TASK DETAILS
Once "挑選玩偶巧堅冰性別偏見正消融" turns up in a line below, reproduce that line and those after it exactly, stopping after the line with "日本 Lycee mine - 甜心刺繡無領鋪棉保暖外套-愛心-薰衣草"; leave pictures out.
START RECORDED INFORMATION
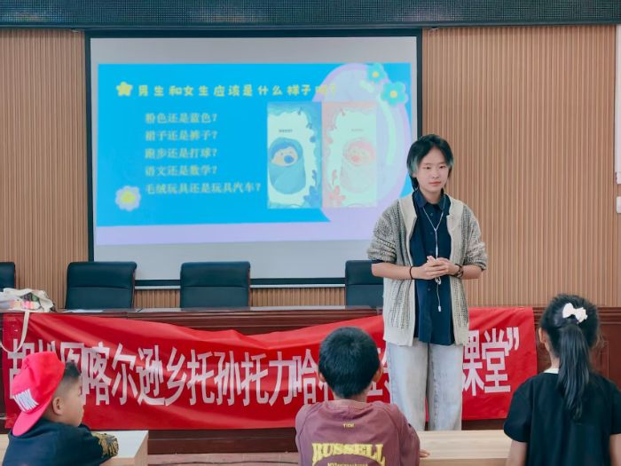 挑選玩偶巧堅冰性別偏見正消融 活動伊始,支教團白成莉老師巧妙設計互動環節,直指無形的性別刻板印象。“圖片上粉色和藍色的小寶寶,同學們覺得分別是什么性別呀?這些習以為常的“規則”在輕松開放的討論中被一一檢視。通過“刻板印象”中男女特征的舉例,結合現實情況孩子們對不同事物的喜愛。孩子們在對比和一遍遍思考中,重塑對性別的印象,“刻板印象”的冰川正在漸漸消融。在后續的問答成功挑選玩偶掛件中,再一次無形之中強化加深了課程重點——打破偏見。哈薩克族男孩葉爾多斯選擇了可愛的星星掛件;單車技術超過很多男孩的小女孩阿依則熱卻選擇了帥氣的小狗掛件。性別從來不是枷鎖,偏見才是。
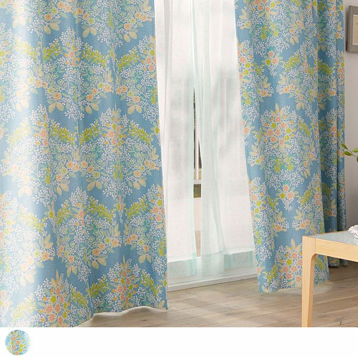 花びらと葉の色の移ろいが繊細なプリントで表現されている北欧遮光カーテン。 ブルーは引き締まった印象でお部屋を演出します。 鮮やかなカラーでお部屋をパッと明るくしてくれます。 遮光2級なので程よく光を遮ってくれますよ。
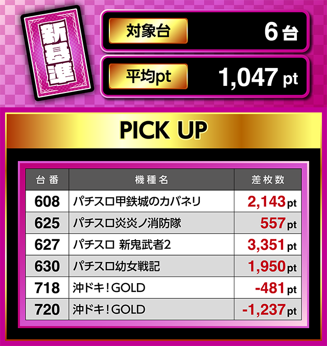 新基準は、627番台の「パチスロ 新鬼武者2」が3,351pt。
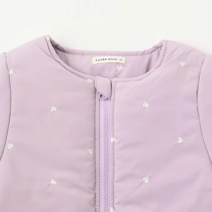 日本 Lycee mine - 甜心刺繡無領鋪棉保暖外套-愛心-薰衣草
END RECORDED INFORMATION
START RECORDED INFORMATION
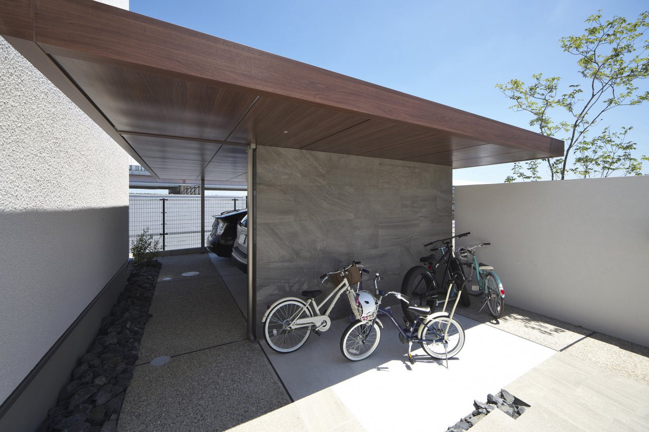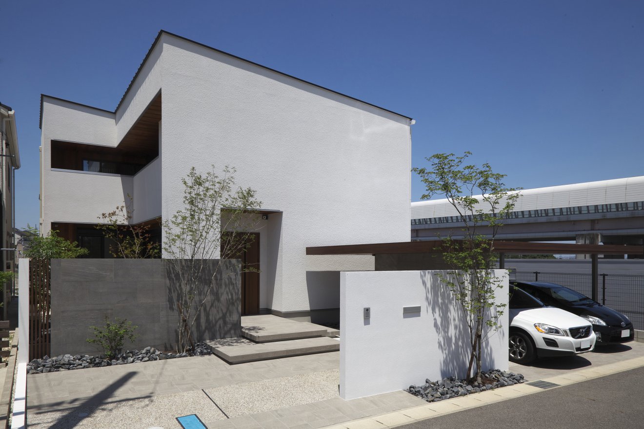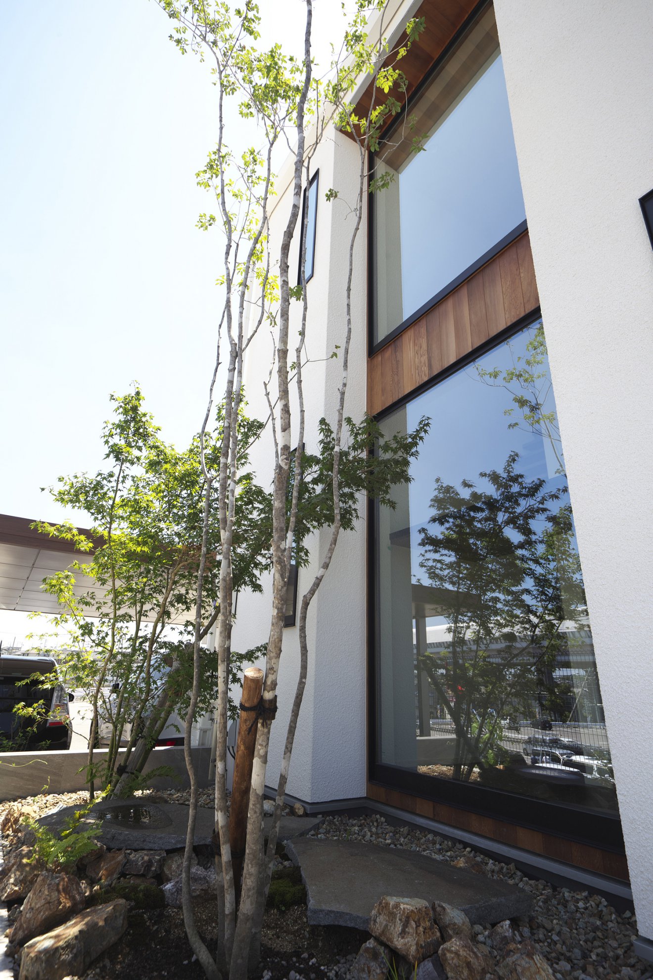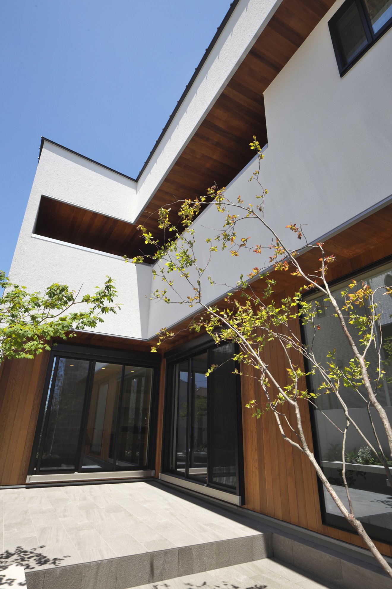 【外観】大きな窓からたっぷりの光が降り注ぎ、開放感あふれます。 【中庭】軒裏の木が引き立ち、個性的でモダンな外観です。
END RECORDED INFORMATION
START RECORDED INFORMATION
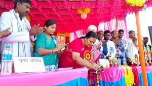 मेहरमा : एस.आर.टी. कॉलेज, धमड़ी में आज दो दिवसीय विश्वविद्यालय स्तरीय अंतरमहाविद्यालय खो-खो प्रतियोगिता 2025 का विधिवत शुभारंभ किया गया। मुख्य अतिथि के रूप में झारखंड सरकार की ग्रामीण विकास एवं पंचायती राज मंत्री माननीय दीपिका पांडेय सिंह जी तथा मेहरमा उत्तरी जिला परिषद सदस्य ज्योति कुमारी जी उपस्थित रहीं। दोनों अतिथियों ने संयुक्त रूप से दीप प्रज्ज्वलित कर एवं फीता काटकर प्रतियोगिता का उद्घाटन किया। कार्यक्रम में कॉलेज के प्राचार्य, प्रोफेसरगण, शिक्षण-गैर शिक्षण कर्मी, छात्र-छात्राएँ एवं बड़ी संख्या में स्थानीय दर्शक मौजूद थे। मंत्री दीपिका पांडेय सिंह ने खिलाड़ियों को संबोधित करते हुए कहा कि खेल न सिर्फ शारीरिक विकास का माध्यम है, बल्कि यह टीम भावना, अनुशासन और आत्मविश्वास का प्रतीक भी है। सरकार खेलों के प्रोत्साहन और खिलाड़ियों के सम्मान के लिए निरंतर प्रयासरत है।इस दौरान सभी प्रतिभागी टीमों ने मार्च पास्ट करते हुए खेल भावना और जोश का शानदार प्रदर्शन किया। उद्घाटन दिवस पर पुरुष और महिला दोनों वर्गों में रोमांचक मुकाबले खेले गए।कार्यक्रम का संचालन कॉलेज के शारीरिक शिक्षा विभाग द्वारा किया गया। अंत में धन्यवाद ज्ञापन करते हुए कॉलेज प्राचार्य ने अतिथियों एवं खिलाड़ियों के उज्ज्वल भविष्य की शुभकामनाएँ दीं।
END RECORDED INFORMATION
ANSWER BOX
 挑選玩偶巧堅冰性別偏見正消融 活動伊始,支教團白成莉老師巧妙設計互動環節,直指無形的性別刻板印象。“圖片上粉色和藍色的小寶寶,同學們覺得分別是什么性別呀?這些習以為常的“規則”在輕松開放的討論中被一一檢視。通過“刻板印象”中男女特征的舉例,結合現實情況孩子們對不同事物的喜愛。孩子們在對比和一遍遍思考中,重塑對性別的印象,“刻板印象”的冰川正在漸漸消融。在后續的問答成功挑選玩偶掛件中,再一次無形之中強化加深了課程重點——打破偏見。哈薩克族男孩葉爾多斯選擇了可愛的星星掛件;單車技術超過很多男孩的小女孩阿依則熱卻選擇了帥氣的小狗掛件。性別從來不是枷鎖,偏見才是。
 花びらと葉の色の移ろいが繊細なプリントで表現されている北欧遮光カーテン。 ブルーは引き締まった印象でお部屋を演出します。 鮮やかなカラーでお部屋をパッと明るくしてくれます。 遮光2級なので程よく光を遮ってくれますよ。
 新基準は、627番台の「パチスロ 新鬼武者2」が3,351pt。
 日本 Lycee mine - 甜心刺繡無領鋪棉保暖外套-愛心-薰衣草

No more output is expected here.